Is there a C/C++ library that allows you to find out whether a set of expressions are mutually exclusive?

Question

I'm writing a compiler for a dataflow programming language I have designed. One of the features that I really like about it is that you can express the following:

x <- a + 1 if b > 3;

x <- a - 1 if b <= 3;

Which implies something like:

x <- a - 1 + 2*(b>3);

In order to pull this off though the compiler needs to know that:

((b > 3) && (b <= 3)) = false

((b > 3) || (b <= 3)) = true

Are there any C/C++ libraries that anyone knows of that would be able to validate these 2 statements (as well as much more complicated ones)? Or are there any papers available via the web that anyone knows of that detail a similar system? Or could someone describe a possible approach?

Thanks,

Daniel

Answer 1

I think you need a small set of simple rules that tell you whether two expressions are equal, or are totally different.

Let's start with the easiest ones: b>3 and b<=3

Checking whether they're equal is easy: b>3 and b>3 are equal, b>3 and b<=3 clearly aren't.

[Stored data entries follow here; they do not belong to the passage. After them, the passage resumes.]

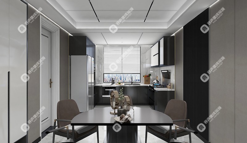 餐廳和廚房一體,款色搭配依然以簡(jiǎn)約的黑白灰為主,干凈清爽,易于打理。
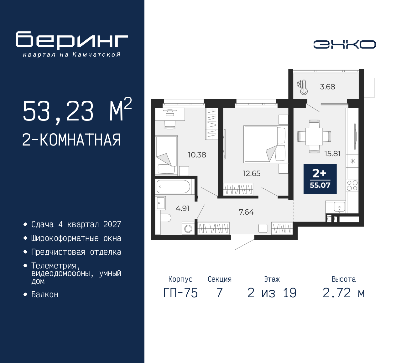 Продается 2-комн. квартира с предчистовой отделкой в ЖК "Беринг" на 2 этаже. Общая площадь: 53.23 кв.м., жилая: 23.03 кв.м., площадь просторной кухни-столовой: 15.81 кв.м. Комнаты изолированные, все окна выходят на одну сторону. В квартире один балкон, один совмещенный санузел. Высота потолков 2.72 м. Дом монолитный, многоподъездный, переменной этажности, от 17 до 24 этажей. Квартира находится в 7-й секции высотой 19 этажей в корпусе ГП-75. На этаже 7 квартир. В подъезде 2 пассажирских и 1 грузовой лифт. Окончание строительства - 4 квартал 2027 года. Оформление сделки по договору долевого участия. Подобно знаменитому исследователю, мы чувствуем себя первооткрывателями этой локации. Хотим показать новую суть места, сформировать для вас жизненный опыт, которого ещё не было. Беринг — район зелёного цвета. Беринг — район, который откроется вам с другой стороны. Впечатлит новым уровнем комфорта и качеством жизни. Беринг — открытие на карте города. Первый квартал расположен в районе Тура, в границах улиц: Камчатская – Западносибирская – Энтузиастов. Вокруг уже есть всё для того, чтобы ежедневная рутина была лишь частью жизни и не доставляла дискомфорта. Школы и детские сады, магазины и аптеки, поликлиника, места для семейного отдыха, пеших и велопрогулок, и даже рыбалки. Масштабное озеленение дворов — визитная карточка ЭНКО и ваш оазис спокойствия, чтобы отвлечься от повседневности. Раскидистые деревья, кустарники, травы и цветы — осталось остановиться, вдохнуть и расслабиться, глядя на эту природную красоту. Стилистика подъездов продолжает концепцию Беринга, вдохновлённого Камчаткой: сдержанный, но при этом впечатляющий дизайн соседствует с удобством и функциональностью. (AQID02529655)
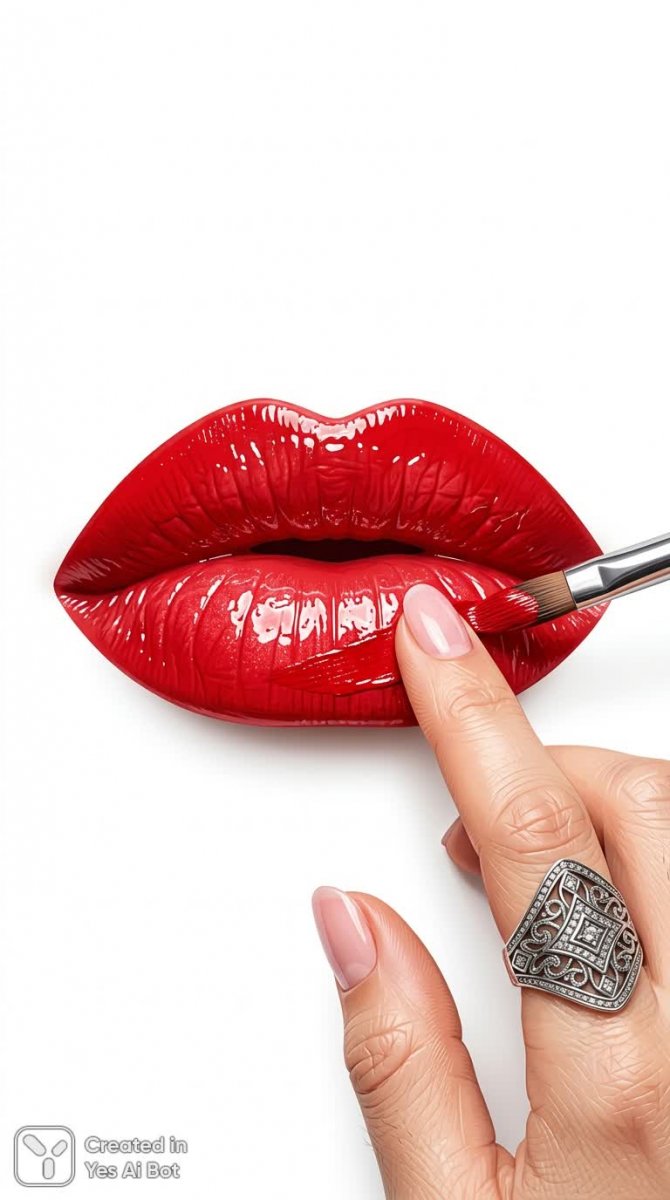 large shiny red lips focal point, finger with stripe pattern ring painting lips, stylish minimalist aesthetic, pop art impression, white bg, vector artwork.

To see whether they are completely different, we would have to compare b>3 and NOT (b<=3). By simply adding the NOT in front of it, we changed the "distinct" to an "equal" comparison.

Your software should now have the logic to transform NOT (b<=3) to (b>3). And since these are completely equal, the original ones are completely distinct.

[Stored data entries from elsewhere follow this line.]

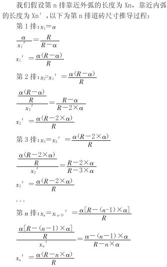的半径为R(单位:m),为获取原材加工参数,接下来推导第n排道砖的尺寸参数。
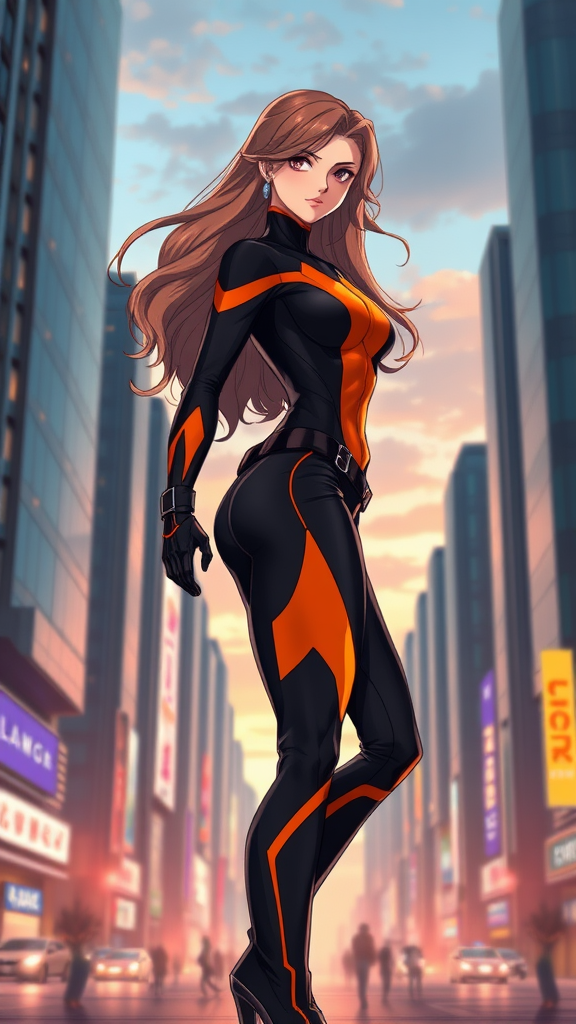 A female superhero stands tall in a bustling big city, her long, wavy hair cascading down her back. She wears a sleek black and orange suit that accentuates her agility and strength. In a full-body, dynamic pose, she exudes confidence and power. The scene is bathed in volumetric lighting with soft shadows, capturing the serene beauty of dusk. The environment reflects the cinematic style of Studio Trigger, Makoto Shinkai, and Studio Ghibli, with an anime flair that brings a sense of wonder and excitement. The city's skyline is drawn with precision and clarity, emphasizing the superhero's presence against the backdrop. Her expression is one of determination, embodying the spirit of a guardian ready to protect and inspire. The quality is vivid and sharp, reminiscent of high-resolution art found on platforms like ArtStation, ensuring every detail is perfectly captured.
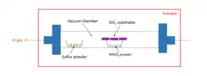 2D semiconductor materials are often synthesized using a chemical vapor deposition (CVD) method. Because CVD can provide large-area, high-quality, and well-controlled layered growth of 2D semiconductor materials, it also allows synthesis of two-dimensional heterojunctions.[13] When building devices by stacking different 2D materials, mechanical exfoliation followed by transferring is often used.[4][6] Other possible synthesis methods include electrochemical deposition,[14][15] chemical exfoliation, hydrothermal synthesis, and thermal decomposition. In 2008 cadmium selenide CdSe quasi 2D platelets were first synthesized by colloidal method with thicknesses of several atomic layers and lateral sizes up to dozens of nanometers.[16] Modification of the procedure allowed to obtain other nanoparticles with different compositions (like CdTe,[17] HgSe,[18] CdSexS1βˆ’x alloys,[19] core/shell[20] and core/crown [21] heterostructures) and shapes (as scrolls,[22] nanoribbons,[23] etc).

If the comparisons are more difficult, you should start to use Morgans Law. This law states that the following expressions are equal:

NOT (A AND B) is equal to NOT A OR NOT B
NOT (A OR B) is equal to NOT A AND NOT B

Now combine both rules:

• Put NOT in front of one of the expressions
• Distribute NOT to the most elemental parts of the expression using Morgans law.
• Then compare all the elements

e.g. suppose we want to know if the following expressions are completely distinct:

(a<3) and not (b>=7)
(b>=7) or (a>=3)

First put a big NOT before the second one:

NOT ((b>=7) or (a>=3))

Then distribute the NOT:

(NOT (b>=7)) and (NOT (a>=3))

Now remove the NOTS from both expressions using the first rule:

(a<3) and (b<7)
(b<7) and (a<3)

Then find the same elements between the two expressions. In this case all the elements from the first expression can be found in the second one and vice versa. This means that the original expressions are completely distinct.